> _EXERCISE BRIEF_
The entries are to be output word for word, with the pictures omitted.

====

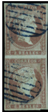
1064 40 €
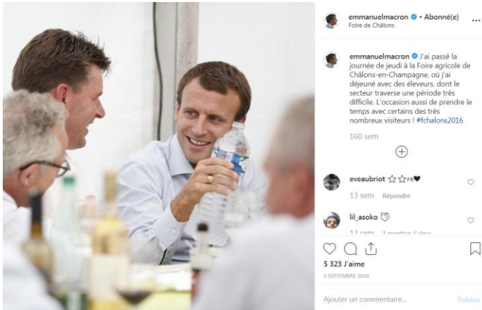
Fig. 3. Première publication sur le compte d'Emmanuel Macron.

La publication est explicitement attribuée au compte @emmanuelmacron (qui a été vérifié par la plateforme du RSN, ce qui permet d'attester la source énonciative du post). L'horodatage de la publication (le 3 septembre 2016) et la localisation géographique (la Foire de Châlons) ancrent cet acte énonciatif dans un cadre spatio-temporel. L'énonciation contient deux phrases suivies du hashtag #fchalons2016, permettant de mettre en relation thématique cette publication avec toutes celles ayant trait à cette foire agricole. Les interactions les plus récentes sont présentées en dessous de l'énonciation d'Emmanuel Macron ainsi que le nombre de contributeurs ayant aimé cette publication. Les « technosignes » 6 (ou technoboutons) ainsi que la zone de saisie d'un commentaire constituent autant d'appels à l'interaction des contributeurs.
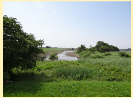
太郎右衛門自然再生地

太郎右衛門自然再生地は、荒川の堤外地（堤防の川側）にあって緑豊かな地域であり、3つの池を中心とした湿地環境が残存しており、湿地環境を改善するための自然再生事業が進められています。
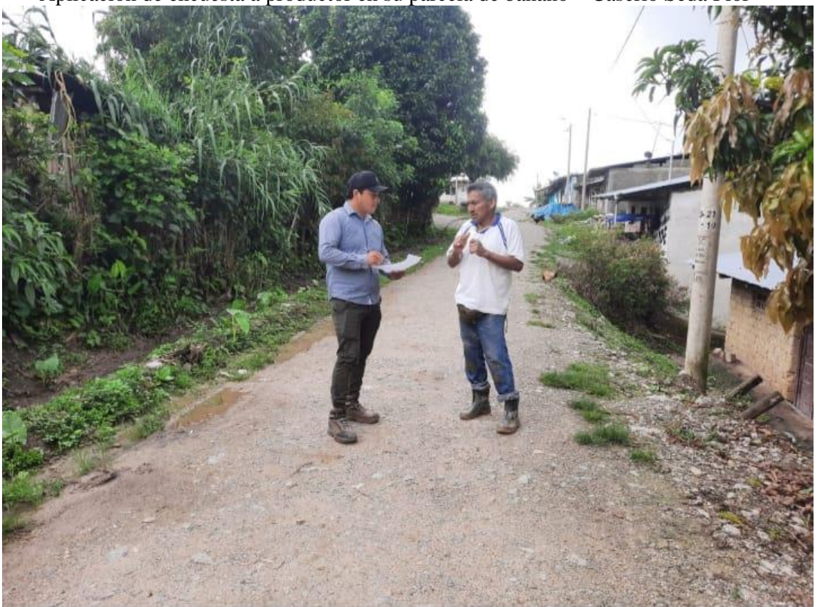
Aplicación de encuesta a productor en centro poblado San Juan de La Libertad

====

> _RESPONSE AREA_
1064 40 €
Fig. 3. Première publication sur le compte d'Emmanuel Macron.

La publication est explicitement attribuée au compte @emmanuelmacron (qui a été vérifié par la plateforme du RSN, ce qui permet d'attester la source énonciative du post). L'horodatage de la publication (le 3 septembre 2016) et la localisation géographique (la Foire de Châlons) ancrent cet acte énonciatif dans un cadre spatio-temporel. L'énonciation contient deux phrases suivies du hashtag #fchalons2016, permettant de mettre en relation thématique cette publication avec toutes celles ayant trait à cette foire agricole. Les interactions les plus récentes sont présentées en dessous de l'énonciation d'Emmanuel Macron ainsi que le nombre de contributeurs ayant aimé cette publication. Les « technosignes » 6 (ou technoboutons) ainsi que la zone de saisie d'un commentaire constituent autant d'appels à l'interaction des contributeurs.
太郎右衛門自然再生地

太郎右衛門自然再生地は、荒川の堤外地（堤防の川側）にあって緑豊かな地域であり、3つの池を中心とした湿地環境が残存しており、湿地環境を改善するための自然再生事業が進められています。
Aplicación de encuesta a productor en centro poblado San Juan de La Libertad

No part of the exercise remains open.